At a cabinet meeting, DHS Secretary Kristi Noem gushed over Trump’s actions, declaring that he had “saved hundreds of millions of lives” by destroying supposed cocaine shipments.
Yet outside of partisan media networks and MAGA social-media influencers, the allegations about Venezuela have not gained traction.
It is widely understood that fentanyl has mostly entered the U.S. from China and Mexico – a fact that Trump has campaigned upon and cited as a pretext for imposing tariffs on China in February, accusing the Communist Party of China “actively sustaining and expanding the business of poisoning our citizens.”
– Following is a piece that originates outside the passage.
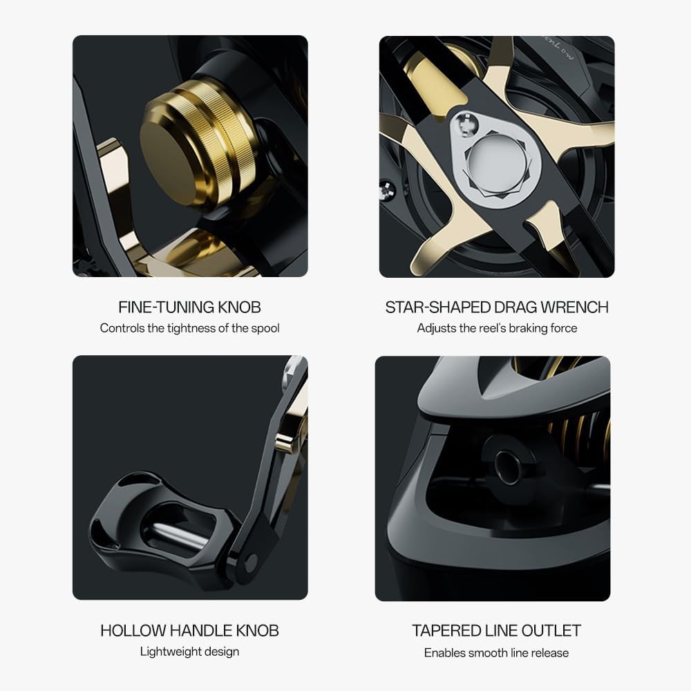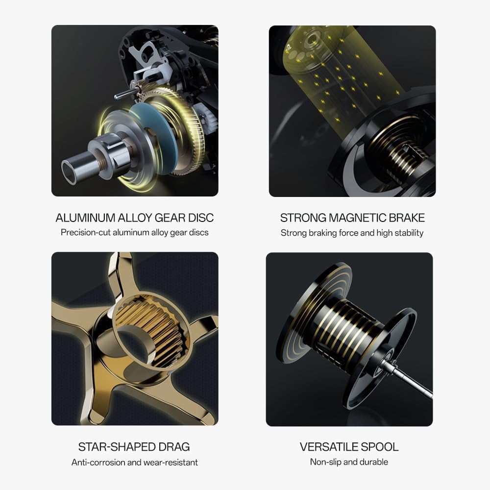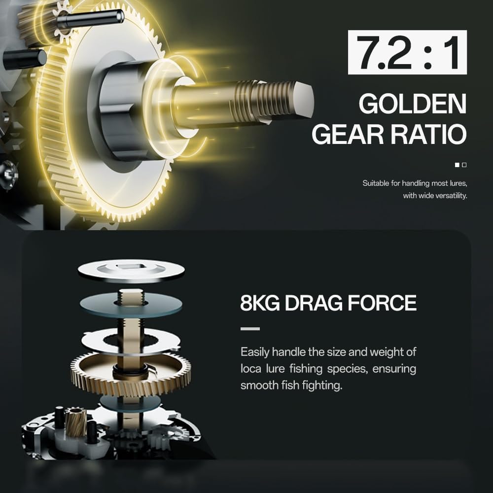 The baitcasting reel has a rotation ratio of 7.1:1 and is specially designed for multi-functional anglers. It is an excellent bait casting weapon that can save you money and bring you fishing pleasure

However, federal data contradicts the administration’s claims. No U.S. government report—from the DEA, the State Department, or any other agency—identifies Venezuela as a source of fentanyl. While some cocaine does transit through Venezuela, Maduro’s government is not implicated in its trafficking. Instead, it is elements of the opposition forces supported by the United States that have documented ties to criminal groups. Guaidó’s 2019 crossing into Colombia, assisted by the criminal organization Los Rastrojos, remains a stark example.
Even the Council on Foreign Relations, a central institution in U.S. foreign-policy circles, has noted that accusations linking Venezuela to fentanyl are false. The majority of the world’s cocaine production originates in Colombia, Peru, Bolivia, and Ecuador, and the principal trafficking routes run through the Pacific rather than the Caribbean.
What is largely unacknowledged—both in government assessments and across most media coverage—is that India has become a significant, and perhaps primary, source of fentanyl and fentanyl precursor chemicals entering the United States.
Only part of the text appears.